Summary

Use of Artificial Sputum Medium to Test Antibiotic Efficacy Against Pseudomonas aeruginosa in Conditions More Relevant to the Cystic Fibrosis Lung

Published: June 05, 2012
doi:

Summary

Current diagnostic antimicrobial susceptibility testing relies on the planktonic growth of isolates in nutrient rich, aerobic conditions. Here, we employ an alternative artificial sputum medium to study antimicrobial susceptibility of Pseudomonas aeruginosa biofilms under both aerobic and microaerophilic conditions more representative of the cystic fibrosis lung.

Abstract

There is growing concern about the relevance of in vitro antimicrobial susceptibility tests when applied to isolates of P. aeruginosa from cystic fibrosis (CF) patients. Existing methods rely on single or a few isolates grown aerobically and planktonically. Predetermined cut-offs are used to define whether the bacteria are sensitive or resistant to any given antibiotic1. However, during chronic lung infections in CF, P. aeruginosa populations exist in biofilms and there is evidence that the environment is largely microaerophilic2. The stark difference in conditions between bacteria in the lung and those during diagnostic testing has called into question the reliability and even relevance of these tests3.

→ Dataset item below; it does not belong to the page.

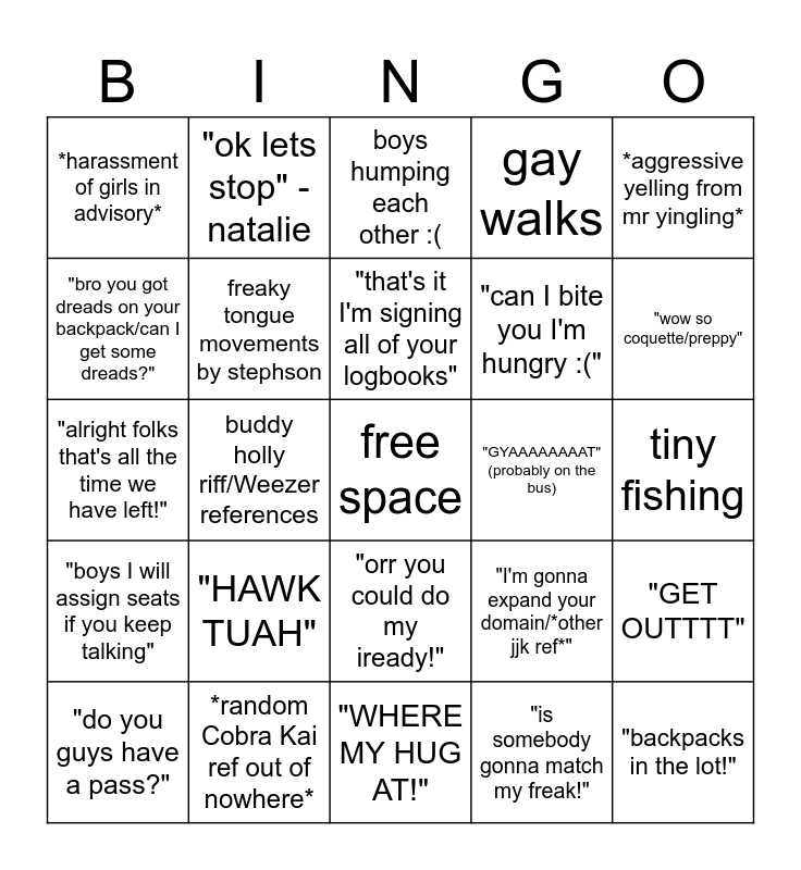 This bingo card has a free space and 24 words: "HAWK TUAH", *random Cobra Kai ref out of nowhere*, "that's it I'm signing all of your logbooks", "do you guys have a pass?", *aggressive yelling from mr yingling*, *harassment of girls in advisory*, "bro you got dreads on your backpack/can I get some dreads?", "ok lets stop" -natalie, "GYAAAAAAAAT" (probably on the bus), "orr you could do my iready!", "can I bite you I'm hungry :(", "alright folks that's all the time we have left!", "I'm gonna expand your domain/*other jjk ref*", "GET OUTTTT", freaky tongue movements by stephson, "is somebody gonna match my freak!", tiny fishing, boys humping each other :(, "wow so coquette/preppy", buddy holly riff/Weezer references, "backpacks in the lot!", "boys I will assign seats if you keep talking", gay walks and "WHERE MY HUG AT!".

Artificial sputum medium (ASM) is a culture medium containing the components of CF patient sputum, including amino acids, mucin and free DNA. P. aeruginosa growth in ASM mimics growth during CF infections, with the formation of self-aggregating biofilm structures and population divergence4,5,6. The aim of this study was to develop a microtitre-plate assay to study antimicrobial susceptibility of P. aeruginosa based on growth in ASM, which is applicable to both microaerophilic and aerobic conditions.

An ASM assay was developed in a microtitre plate format. P. aeruginosa biofilms were allowed to develop for 3 days prior to incubation with antimicrobial agents at different concentrations for 24 hours. After biofilm disruption, cell viability was measured by staining with resazurin. This assay was used to ascertain the sessile cell minimum inhibitory concentration (SMIC) of tobramycin for 15 different P. aeruginosa isolates under aerobic and microaerophilic conditions and SMIC values were compared to those obtained with standard broth growth. Whilst there was some evidence for increased MIC values for isolates grown in ASM when compared to their planktonic counterparts, the biggest differences were found with bacteria tested in microaerophilic conditions, which showed a much increased resistance up to a >128 fold, towards tobramycin in the ASM system when compared to assays carried out in aerobic conditions.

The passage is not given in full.